A banker’s banker rolling back the revolution?
8 min read
14 December 2016
Could “slowing down” the crowdfunding and fintech financial revolution be a bigger risk than new FCA chief Andrew Bailey actually realises?
The FCA has said that it is concerned about the pace of innovation – quite a departure from the stance of Project Innovate (as noted here), saying: “While the FCA has placed great weight on promoting innovation in financial services in general, we are growing increasingly concerned about the speed of change in the investment-based and loan-based sectors [of crowdfunding].”
As both Bank of England governor Mark Carney and chief economist Andy Haldane have both pointed out, yet again, in the last week or so systematic financial exclusion and inequality “is right up there among the most important issues that we face today”. These are the most pressing divisive and toxic problems for us all – the fact that more than half of the country is being “left behind” by those “who have”, and have access to power, serving their own interest and enrichment, and devil-take-the-hindmost.

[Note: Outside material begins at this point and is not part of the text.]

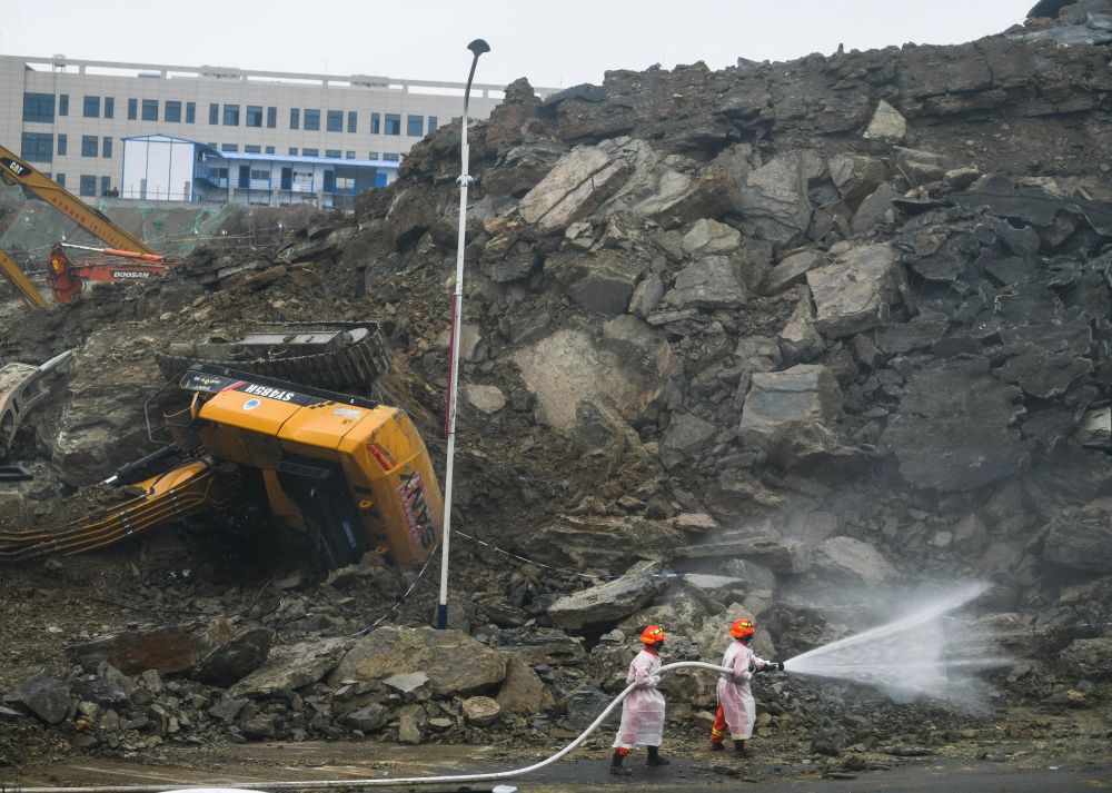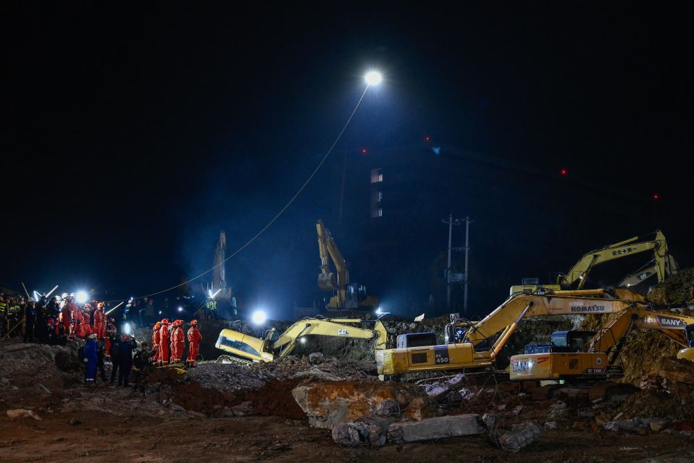午夜的事发现场被救援的灯火照得如同白昼。武警、消防、公安、医疗、应急、通信等部门人员均已到达现场,三名在工地开挖掘机和渣土车的被困司机已被第一时间救出,送往医院救治。

Carney warned not so much (as the BBC reported) about the “disillusioned poor”, as the de-stabilising effect, and inevitable results if this is allowed to continue. He said: “Turning our backs on open markets would be a tragedy, but it is a possibility. It can only be averted by confronting the underlying reasons for this risk upfront.”
From this perspective, seeking to slow down financial innovation, and neutering the one source with real potential for change, seems a kind of madness – or at least a huge and unnecessary risk.
Fintech, including and especially crowdfunding, but in all its forms, has been our best hope of wresting enough of the power away from the incumbent banks and corporates to be able to start to rebalance
It’s about opening the doors to everyone and starting to make some changes to the machine which systematically funnels wealth down a one-way street, inside the M25. This systematically increases inequality and poverty elsewhere.
At the start of 2016, Sheriff of Dodge (“shoot first, ask questions later”) Martin Wheatley was replaced as head of the FCA by banker’s banker Andrew Bailey – who’s name used to appear on all our banknotes.
Apart from a little sabre rattling here and there, no doubt to test the waters, he’s been remarkably quiet – letting some of his circle, notably Adair Turner, do the talking for him. Sofly softly catchee monkey?
So it now seems that the fox in charge of the hen-house, and our future, and has been cunningly awaiting his moment. Just before the Christmas break provides a choice of “good days to bury bad news” of course.
Bailey, although made to help clear up the mess he helped create as one of the architects of the global crash of 2008/9 and the mess we’re still in, is it seems an unreformed, banker’s banker. He seems to wants to roll back the revolution, before it can bite and become a threat to the established order. His “boiling the frog” language is, as one would expect, carefully chosen, but the intent is clear.
The FCA’s “consultations” are also widely known and well understood to be “arse-covering” exercises – a game to allow them to do whatever it is they want. So, as usual, the real consultation, if any, starts (and probably ends) here with this announcement – floating a reversal, a turning back of the clock. This snuffs out any hope of a new start.
This then creates insurmountable new barriers to entrants and forces onto others burdens that in time will inevitably prove impossible to bear, at which point they will be swallowed up by those same behemoths.
So will our future, and the future of the fintech revolution – promising as it did a brighter future based on new innovations loosening the stranglehold of the behemoths. Will the revolution be decided by the fox now in charge of the chicken coop? Or will there be a real consultation – and will the people that this is supposed to be about, and who pay the FCA’s wages, the people, the crowd, call us mere “consumers” if you must, those who in a saner and better world might get to decide, even get a say? Or is this a party for bankers only?
It’s time the crowd had a voice in this – and I don’t mean the FCA’s toothless “Consumer Panel” who, as far as I know, have yet to even try to bite the hand that feeds it, and who have failed to engage on this despite repeated invitations.
What’s certain is that the bankers, and no doubt their banker, are comfortable with the status quo. Bailey has shown no inclination, let alone any enthusiasm, for change or innovation. They’d prefer that this revolution to go away, as quietly as possible – and are prepared to play a long-game to that end.
It must not be allowed to happen, lest the pain now being suffered from the divisions created by and driving the voter’s revolts on both sides of the Atlantic become more acute and, as Mark Carney has said, precipitate an eruption that none of us want and from which we may all lose far too much.
Former business secretary Vince took on the banks after the crash, doing all that was humanly (and governmentally) possible to bring change and was rebuffed by the banks. Government can’t do it. Fintech could – which is why the banks would turn aside this revolution.
Theresa May promised to work to create an economy that works for us all – the just-about-managing, as well as the left-behinds. So this will be a key test of just how serious she and this government are about this.
Whether the banks, bankers and establishment can quietly snuff out this revolution, or whether it can go on to become a real engine of change, is currently in the hands of one of its own. If ever there was a moment for scrutiny and democratic accountability this is it. And it’s time for Theresa May to be looking at whether the bankers banker is the right man for this job – and be in charge of Project Innovate (but not too much).